An acceptable answer contains every record below, unchanged, and no pictures.

● Given records:
»»
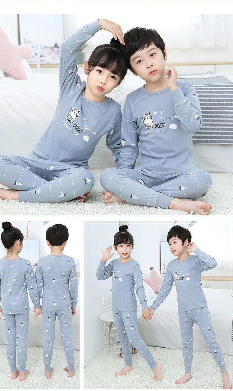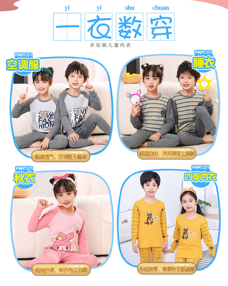 새로운 어린이 열 속옷 면 가을과 겨울 면 스웨터 가을 옷 긴 존스 세트 어린이 가정 옷 재고
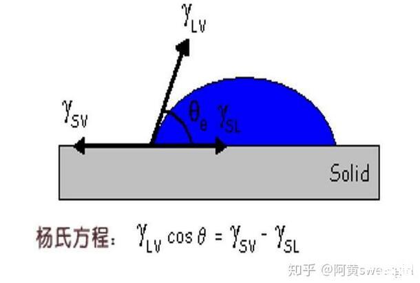 聚合物為固體時(shí),它的表面張力的測(cè)定就沒(méi)那么簡(jiǎn)單了。根據(jù)不同的情形,有幾種不同的方法去測(cè)定。一種容易理解的方法是使用兩種液體在固體表面上分別測(cè)出接觸角,分別建立楊氏方程,然后聯(lián)立楊氏方程消除未知量。楊氏方程如下:
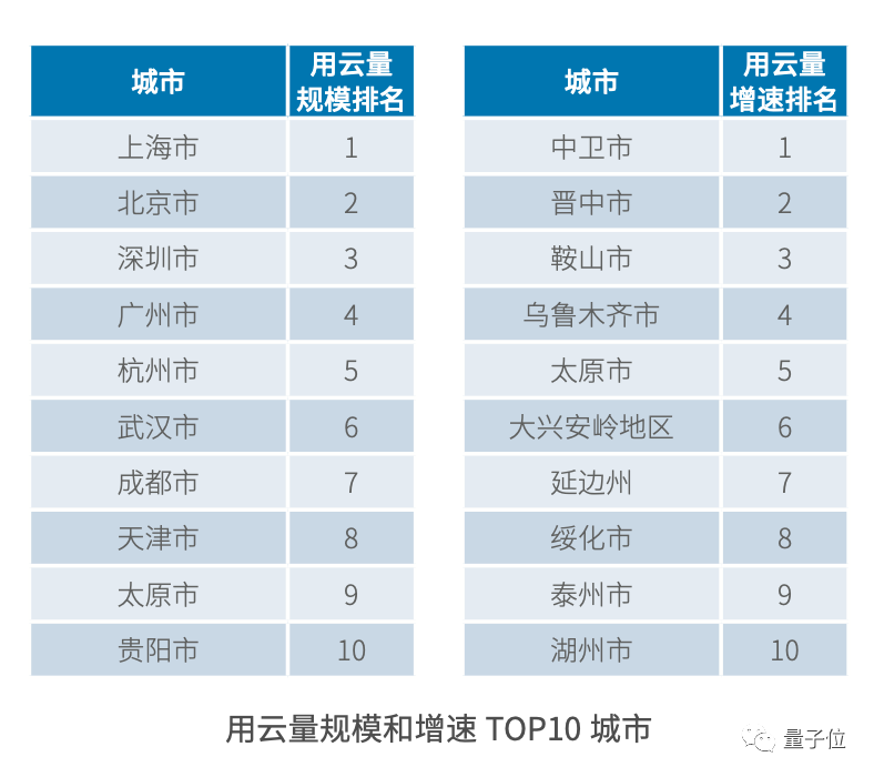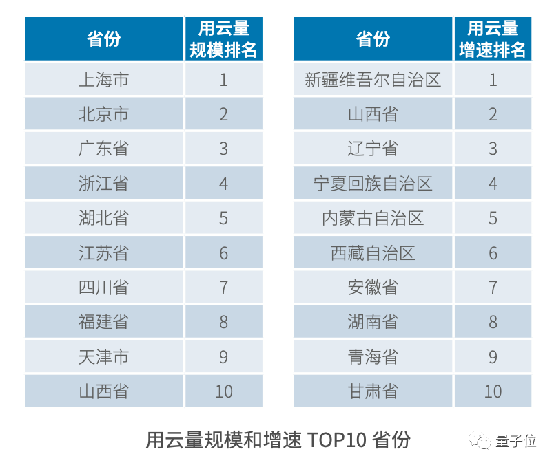 用云量规模和增速的TOP 10省份:
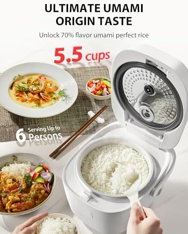 - Ultra Capacity and Thick Pot-The 5.5 Cup uncooked capacity can meet the food needs of a family of 6. 3.1mm thick Pot compatible with durable inner pot with PFAs free ceramic coating ,It can also be safely used by children. Both of all making it an essential rice cooker for every household.
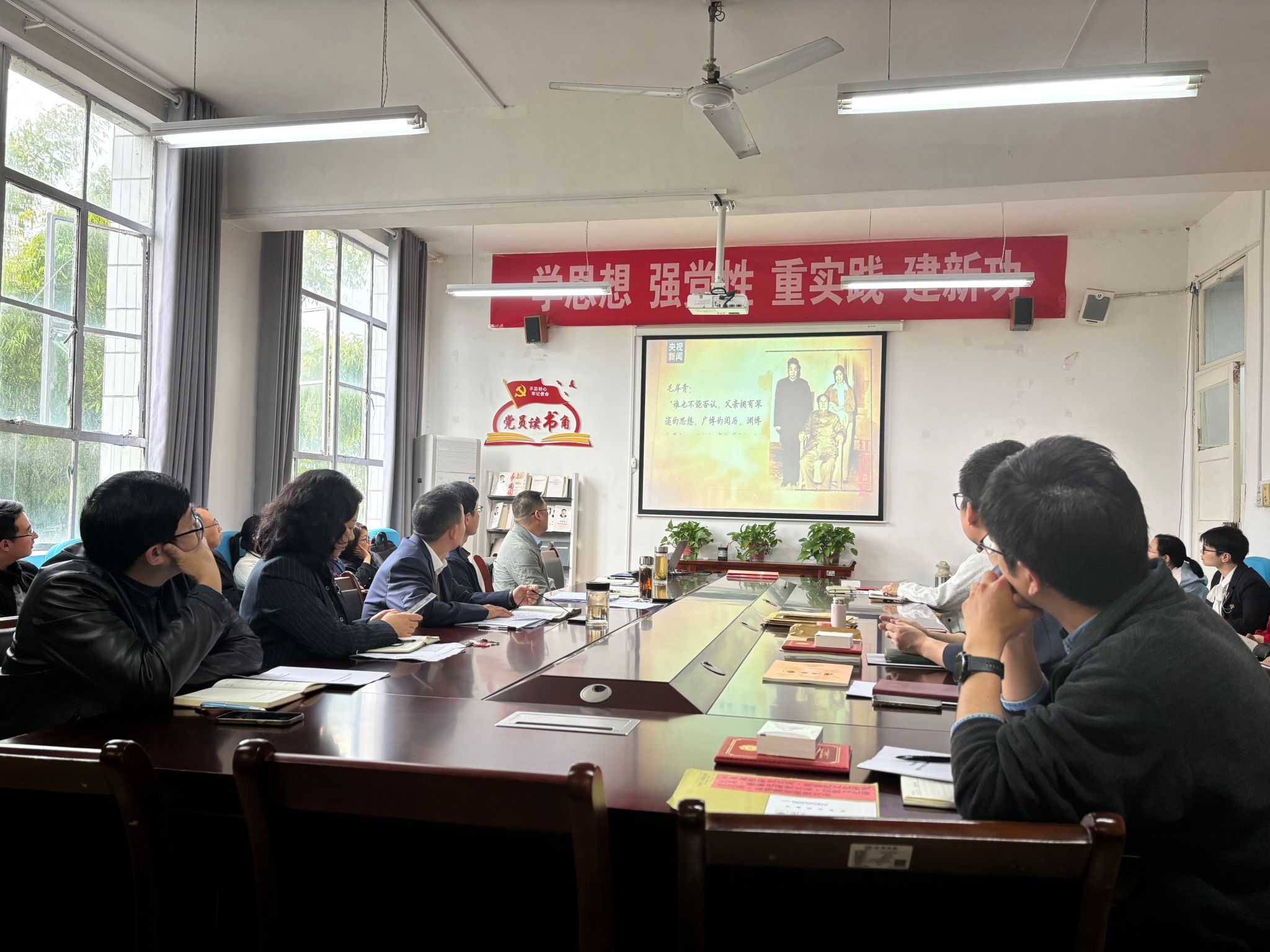会上,教师们还进行了党史专题学习、集体观看了红色家风故事教育视频。
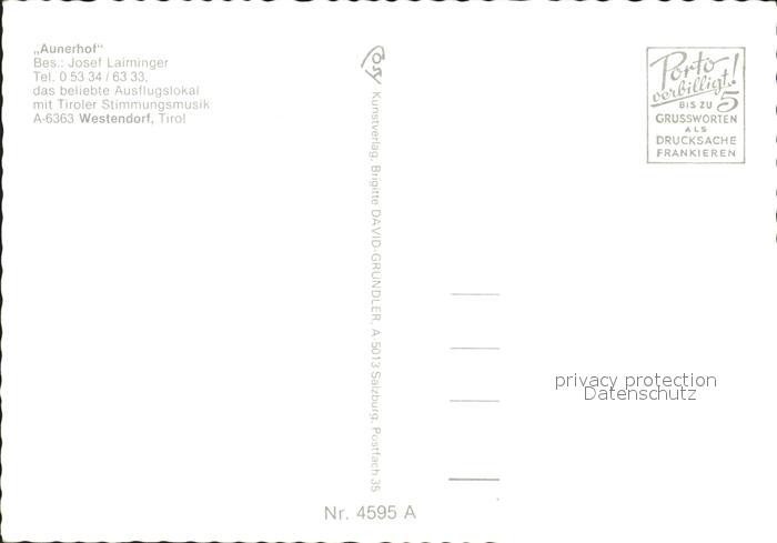 72049495 Westendorf Tirol Aunerhof Musikinstrument Harmonika postalisch nicht gelaufen Erhaltung siehe scans KatCode: 11390335070420
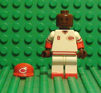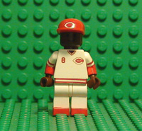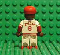 | THIS IS JOE MORGAN IN HIS HOME JERSEY. THIS MINIFIGURE HAS 8 DECALS, FRONT AND BACK TORSO, FRONT AND BACK BELT, BOTH ARMS, FACE, AND HAT. HE ALSO HAS RED PAINTED HIPS AND ARMS AS WELL AS BLACK PAINTED SHOES. |
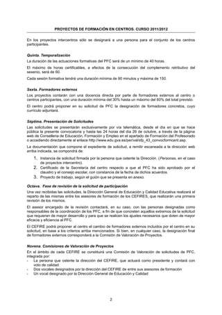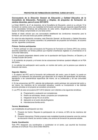 Este documento describe los requisitos y procedimientos para la presentación de proyectos de formación en centros educativos para el curso 2011-2012 en la Comunidad Valenciana. Los centros pueden presentar proyectos individuales o intercentros para la formación de su profesorado. Las solicitudes serán evaluadas según criterios como la participación planificada y los objetivos de mejora. Los proyectos seleccionados recibirán formación y una certificación para el profesorado participante.
««
● Response below:
 새로운 어린이 열 속옷 면 가을과 겨울 면 스웨터 가을 옷 긴 존스 세트 어린이 가정 옷 재고
 聚合物為固體時(shí),它的表面張力的測(cè)定就沒(méi)那么簡(jiǎn)單了。根據(jù)不同的情形,有幾種不同的方法去測(cè)定。一種容易理解的方法是使用兩種液體在固體表面上分別測(cè)出接觸角,分別建立楊氏方程,然后聯(lián)立楊氏方程消除未知量。楊氏方程如下:
 用云量规模和增速的TOP 10省份:
 - Ultra Capacity and Thick Pot-The 5.5 Cup uncooked capacity can meet the food needs of a family of 6. 3.1mm thick Pot compatible with durable inner pot with PFAs free ceramic coating ,It can also be safely used by children. Both of all making it an essential rice cooker for every household.
会上,教师们还进行了党史专题学习、集体观看了红色家风故事教育视频。
 72049495 Westendorf Tirol Aunerhof Musikinstrument Harmonika postalisch nicht gelaufen Erhaltung siehe scans KatCode: 11390335070420
 | THIS IS JOE MORGAN IN HIS HOME JERSEY. THIS MINIFIGURE HAS 8 DECALS, FRONT AND BACK TORSO, FRONT AND BACK BELT, BOTH ARMS, FACE, AND HAT. HE ALSO HAS RED PAINTED HIPS AND ARMS AS WELL AS BLACK PAINTED SHOES. |
 Este documento describe los requisitos y procedimientos para la presentación de proyectos de formación en centros educativos para el curso 2011-2012 en la Comunidad Valenciana. Los centros pueden presentar proyectos individuales o intercentros para la formación de su profesorado. Las solicitudes serán evaluadas según criterios como la participación planificada y los objetivos de mejora. Los proyectos seleccionados recibirán formación y una certificación para el profesorado participante.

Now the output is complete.